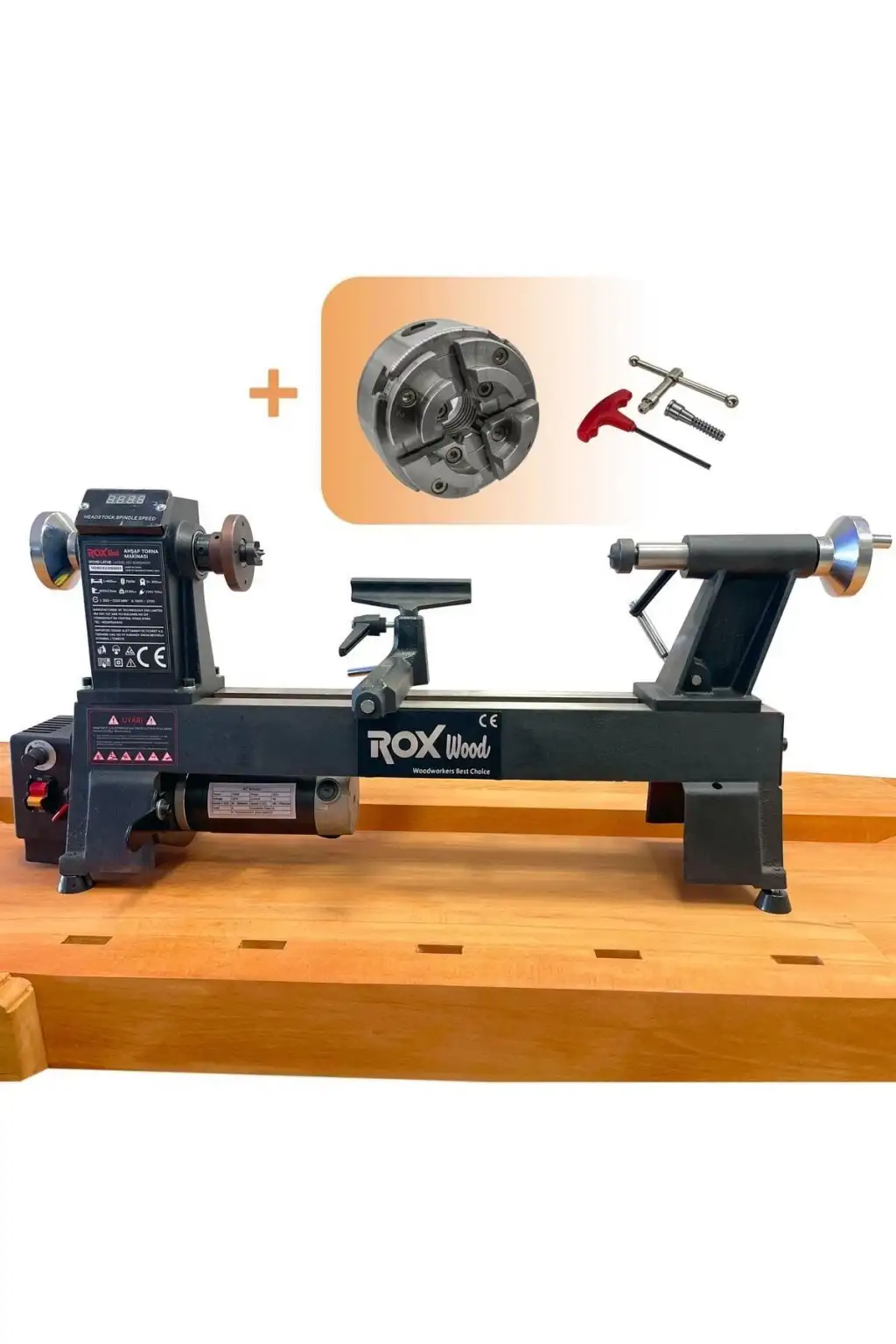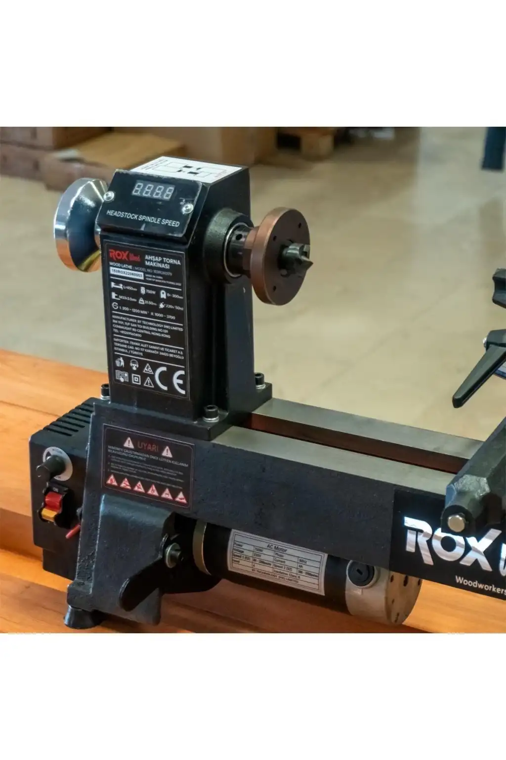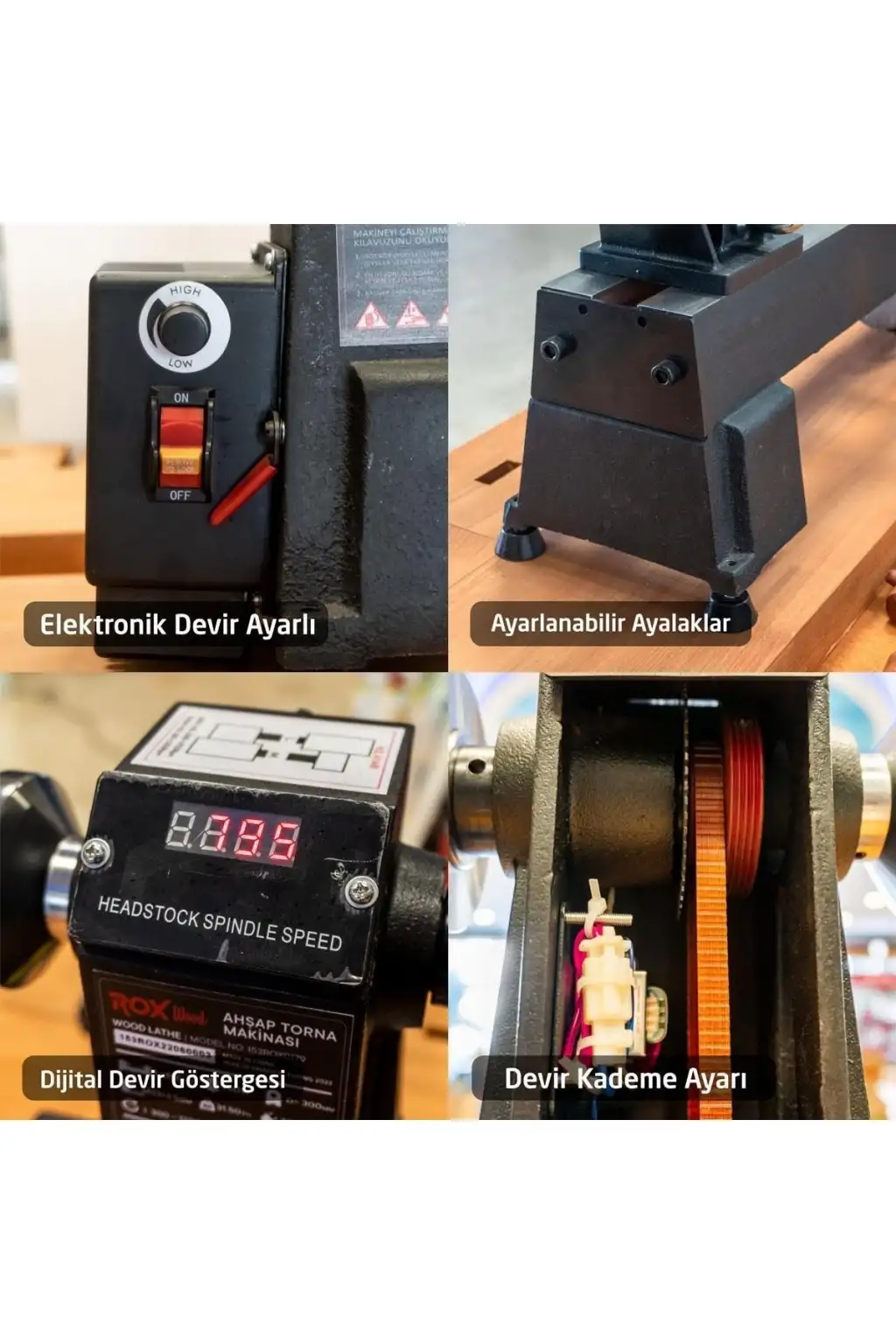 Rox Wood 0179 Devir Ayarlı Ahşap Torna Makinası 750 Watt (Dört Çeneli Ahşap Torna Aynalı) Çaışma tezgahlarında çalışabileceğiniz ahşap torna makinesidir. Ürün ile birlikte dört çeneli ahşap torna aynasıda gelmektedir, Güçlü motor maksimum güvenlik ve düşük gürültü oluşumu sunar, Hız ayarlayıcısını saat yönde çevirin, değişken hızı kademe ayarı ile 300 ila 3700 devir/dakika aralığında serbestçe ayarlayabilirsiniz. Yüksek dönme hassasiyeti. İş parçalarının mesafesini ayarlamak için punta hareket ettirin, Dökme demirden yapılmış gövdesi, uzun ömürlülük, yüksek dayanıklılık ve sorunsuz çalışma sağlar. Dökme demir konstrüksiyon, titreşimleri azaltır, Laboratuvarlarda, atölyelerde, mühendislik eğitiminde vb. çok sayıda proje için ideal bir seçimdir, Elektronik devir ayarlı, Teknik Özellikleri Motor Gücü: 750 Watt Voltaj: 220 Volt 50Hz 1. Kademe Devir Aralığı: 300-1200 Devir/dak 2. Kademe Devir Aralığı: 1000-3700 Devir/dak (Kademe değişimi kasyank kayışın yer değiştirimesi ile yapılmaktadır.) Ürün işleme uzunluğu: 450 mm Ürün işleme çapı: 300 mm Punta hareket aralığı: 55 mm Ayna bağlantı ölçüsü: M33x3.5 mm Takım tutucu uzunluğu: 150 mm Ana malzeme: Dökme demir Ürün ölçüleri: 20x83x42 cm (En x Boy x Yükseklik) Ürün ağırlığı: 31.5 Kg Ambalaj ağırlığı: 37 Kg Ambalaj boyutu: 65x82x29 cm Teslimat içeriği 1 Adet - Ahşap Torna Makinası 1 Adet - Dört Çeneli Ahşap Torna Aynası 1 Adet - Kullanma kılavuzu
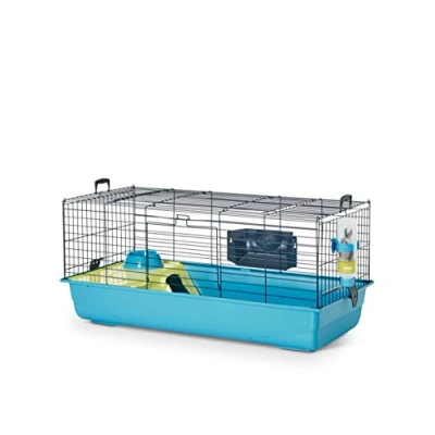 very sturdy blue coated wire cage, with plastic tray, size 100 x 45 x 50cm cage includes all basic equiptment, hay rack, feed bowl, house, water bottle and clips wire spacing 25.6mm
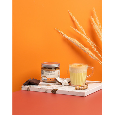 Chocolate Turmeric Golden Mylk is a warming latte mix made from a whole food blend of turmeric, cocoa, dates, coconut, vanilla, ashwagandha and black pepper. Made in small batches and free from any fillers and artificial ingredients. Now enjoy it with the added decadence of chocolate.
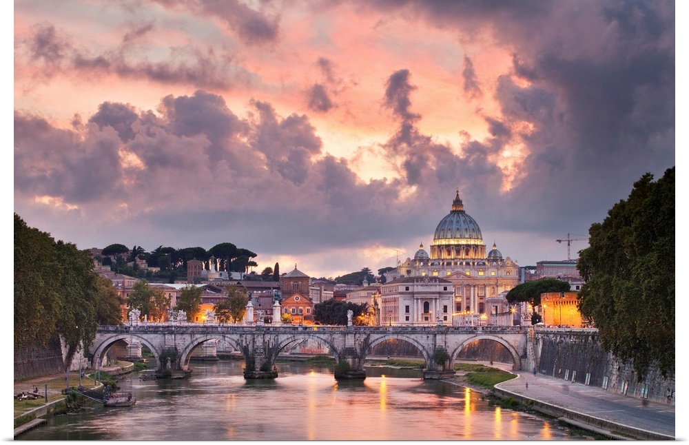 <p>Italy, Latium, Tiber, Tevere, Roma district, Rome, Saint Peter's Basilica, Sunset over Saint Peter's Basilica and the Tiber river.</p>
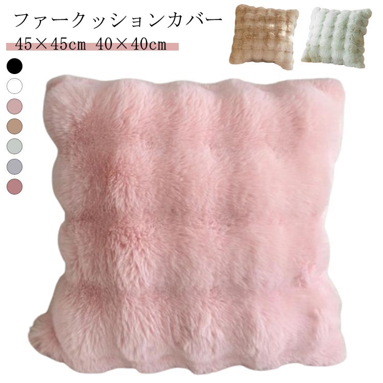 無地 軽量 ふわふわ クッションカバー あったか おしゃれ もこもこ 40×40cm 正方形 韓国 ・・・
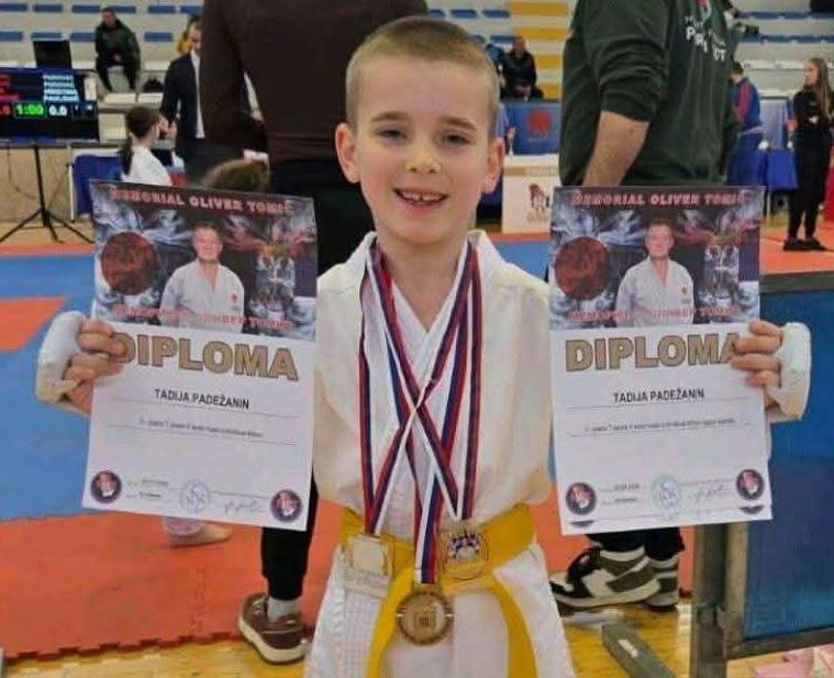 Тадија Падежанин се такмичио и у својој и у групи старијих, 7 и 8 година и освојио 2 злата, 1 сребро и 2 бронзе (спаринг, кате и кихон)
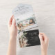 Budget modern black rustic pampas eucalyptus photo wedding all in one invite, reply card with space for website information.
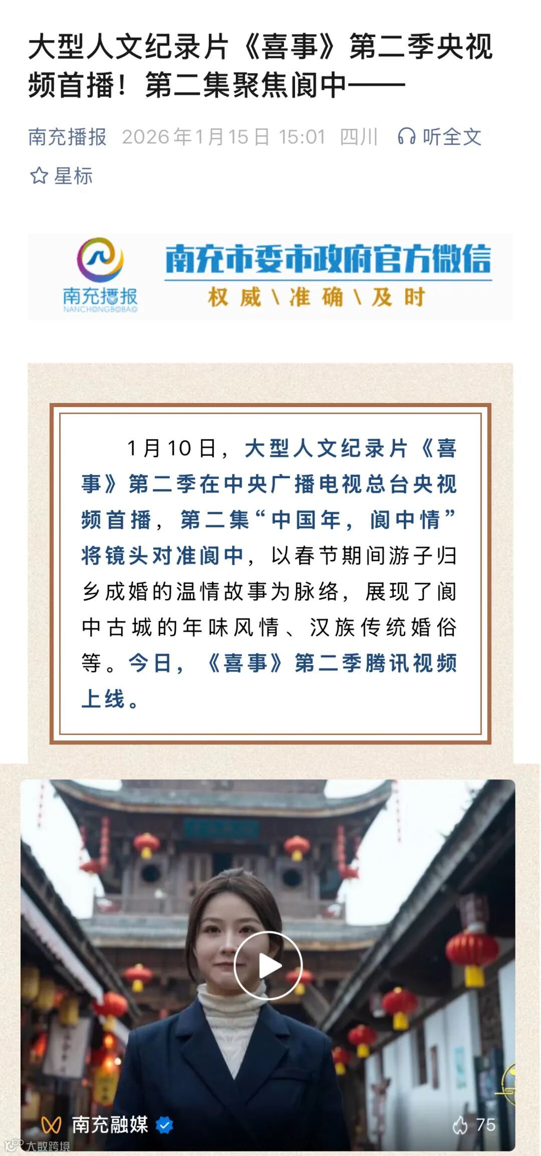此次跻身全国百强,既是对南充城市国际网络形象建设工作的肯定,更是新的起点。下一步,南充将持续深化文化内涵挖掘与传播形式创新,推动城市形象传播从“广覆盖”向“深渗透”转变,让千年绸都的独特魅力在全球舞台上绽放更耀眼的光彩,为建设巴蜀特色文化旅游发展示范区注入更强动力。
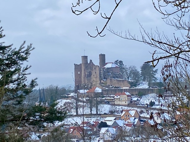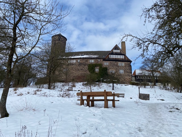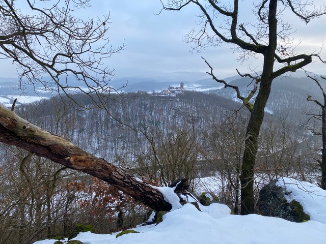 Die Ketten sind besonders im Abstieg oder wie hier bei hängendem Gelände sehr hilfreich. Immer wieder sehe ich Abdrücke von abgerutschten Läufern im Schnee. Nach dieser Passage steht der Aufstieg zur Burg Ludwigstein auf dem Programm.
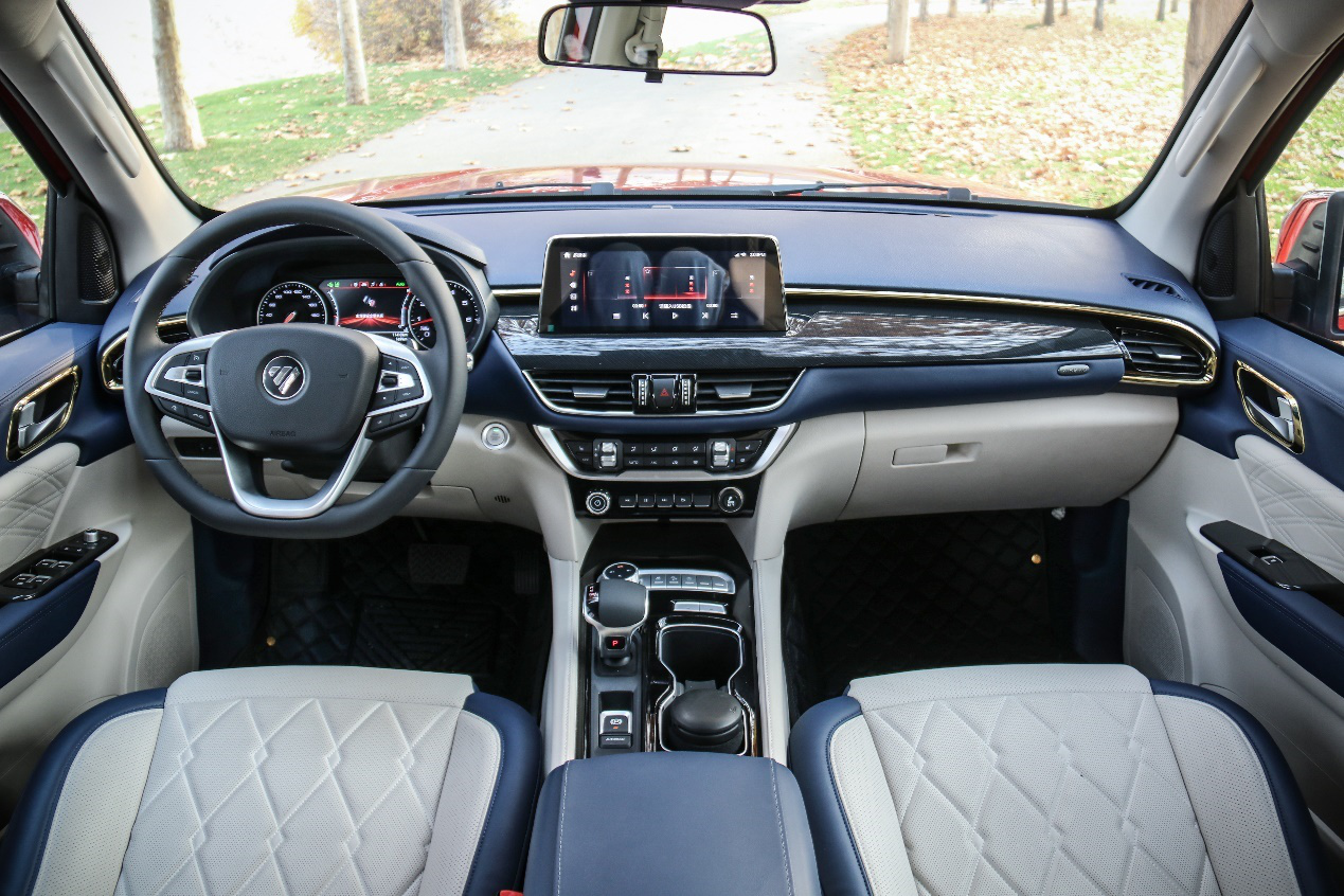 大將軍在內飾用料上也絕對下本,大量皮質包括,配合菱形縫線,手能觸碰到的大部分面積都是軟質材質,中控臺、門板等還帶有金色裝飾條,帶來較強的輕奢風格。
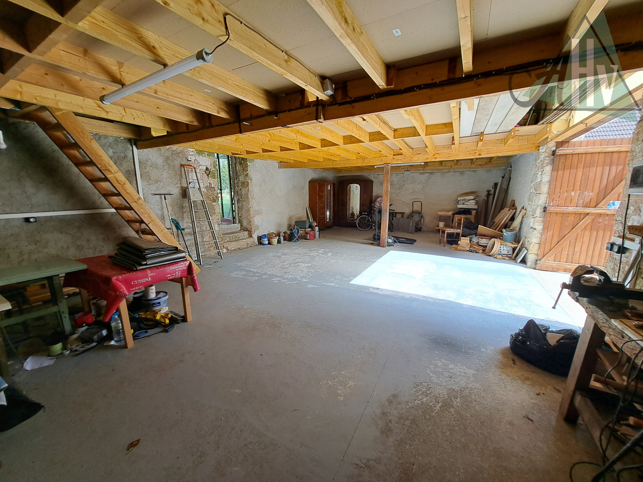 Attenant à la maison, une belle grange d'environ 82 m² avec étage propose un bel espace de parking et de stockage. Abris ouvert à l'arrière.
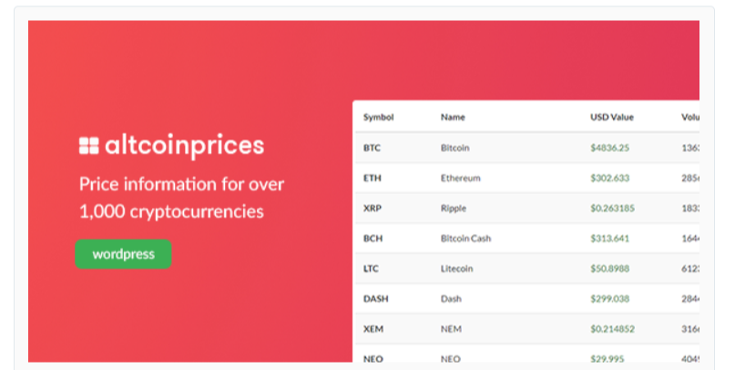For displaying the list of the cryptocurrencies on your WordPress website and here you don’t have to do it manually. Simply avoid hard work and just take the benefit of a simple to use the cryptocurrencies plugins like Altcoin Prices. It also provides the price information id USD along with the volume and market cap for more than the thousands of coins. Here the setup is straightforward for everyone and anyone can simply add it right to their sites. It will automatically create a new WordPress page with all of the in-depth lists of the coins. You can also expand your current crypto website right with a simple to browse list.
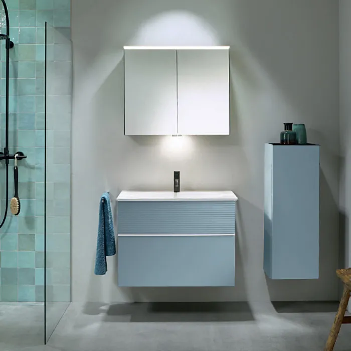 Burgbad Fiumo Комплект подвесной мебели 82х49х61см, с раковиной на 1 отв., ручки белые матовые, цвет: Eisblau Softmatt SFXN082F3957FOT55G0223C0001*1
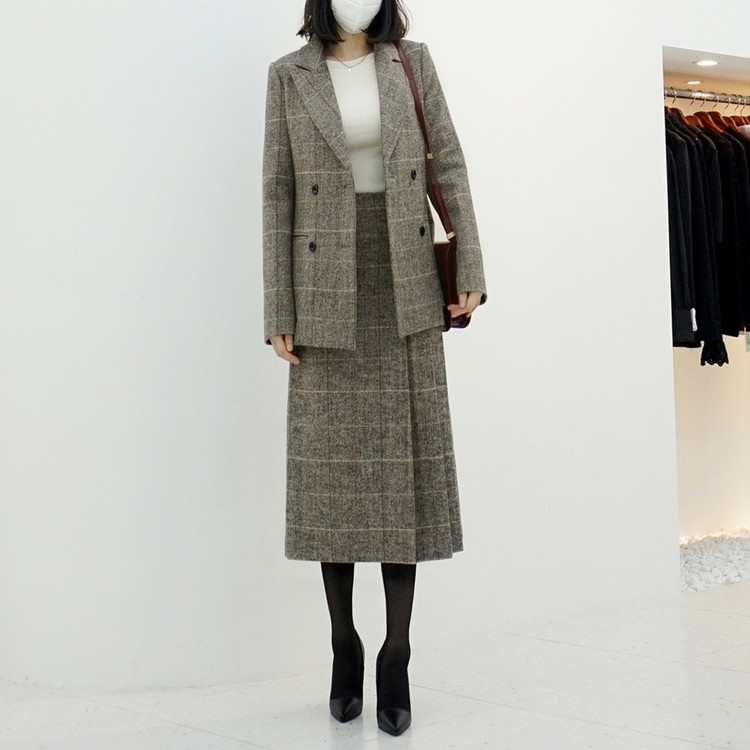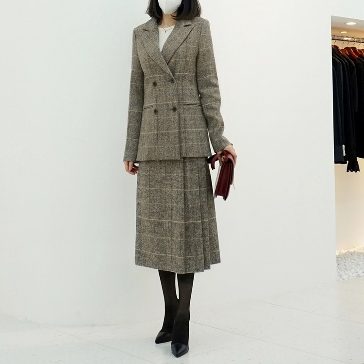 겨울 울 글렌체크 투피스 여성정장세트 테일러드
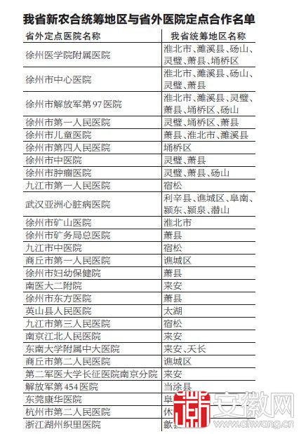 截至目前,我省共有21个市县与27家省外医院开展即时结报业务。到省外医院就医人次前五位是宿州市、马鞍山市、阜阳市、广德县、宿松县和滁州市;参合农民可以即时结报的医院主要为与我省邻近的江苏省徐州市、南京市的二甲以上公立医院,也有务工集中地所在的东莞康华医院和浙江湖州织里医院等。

WORK TO BE COMPLETED: Give again, word for word, the lines above from the first one through the one containing "無地 軽量 ふわふわ クッションカバー"; no pictures.

ANSWER SPACE:
 Rox Wood 0179 Devir Ayarlı Ahşap Torna Makinası 750 Watt (Dört Çeneli Ahşap Torna Aynalı) Çaışma tezgahlarında çalışabileceğiniz ahşap torna makinesidir. Ürün ile birlikte dört çeneli ahşap torna aynasıda gelmektedir, Güçlü motor maksimum güvenlik ve düşük gürültü oluşumu sunar, Hız ayarlayıcısını saat yönde çevirin, değişken hızı kademe ayarı ile 300 ila 3700 devir/dakika aralığında serbestçe ayarlayabilirsiniz. Yüksek dönme hassasiyeti. İş parçalarının mesafesini ayarlamak için punta hareket ettirin, Dökme demirden yapılmış gövdesi, uzun ömürlülük, yüksek dayanıklılık ve sorunsuz çalışma sağlar. Dökme demir konstrüksiyon, titreşimleri azaltır, Laboratuvarlarda, atölyelerde, mühendislik eğitiminde vb. çok sayıda proje için ideal bir seçimdir, Elektronik devir ayarlı, Teknik Özellikleri Motor Gücü: 750 Watt Voltaj: 220 Volt 50Hz 1. Kademe Devir Aralığı: 300-1200 Devir/dak 2. Kademe Devir Aralığı: 1000-3700 Devir/dak (Kademe değişimi kasyank kayışın yer değiştirimesi ile yapılmaktadır.) Ürün işleme uzunluğu: 450 mm Ürün işleme çapı: 300 mm Punta hareket aralığı: 55 mm Ayna bağlantı ölçüsü: M33x3.5 mm Takım tutucu uzunluğu: 150 mm Ana malzeme: Dökme demir Ürün ölçüleri: 20x83x42 cm (En x Boy x Yükseklik) Ürün ağırlığı: 31.5 Kg Ambalaj ağırlığı: 37 Kg Ambalaj boyutu: 65x82x29 cm Teslimat içeriği 1 Adet - Ahşap Torna Makinası 1 Adet - Dört Çeneli Ahşap Torna Aynası 1 Adet - Kullanma kılavuzu
 very sturdy blue coated wire cage, with plastic tray, size 100 x 45 x 50cm cage includes all basic equiptment, hay rack, feed bowl, house, water bottle and clips wire spacing 25.6mm
 Chocolate Turmeric Golden Mylk is a warming latte mix made from a whole food blend of turmeric, cocoa, dates, coconut, vanilla, ashwagandha and black pepper. Made in small batches and free from any fillers and artificial ingredients. Now enjoy it with the added decadence of chocolate.
 <p>Italy, Latium, Tiber, Tevere, Roma district, Rome, Saint Peter's Basilica, Sunset over Saint Peter's Basilica and the Tiber river.</p>
 無地 軽量 ふわふわ クッションカバー あったか おしゃれ もこもこ 40×40cm 正方形 韓国 ・・・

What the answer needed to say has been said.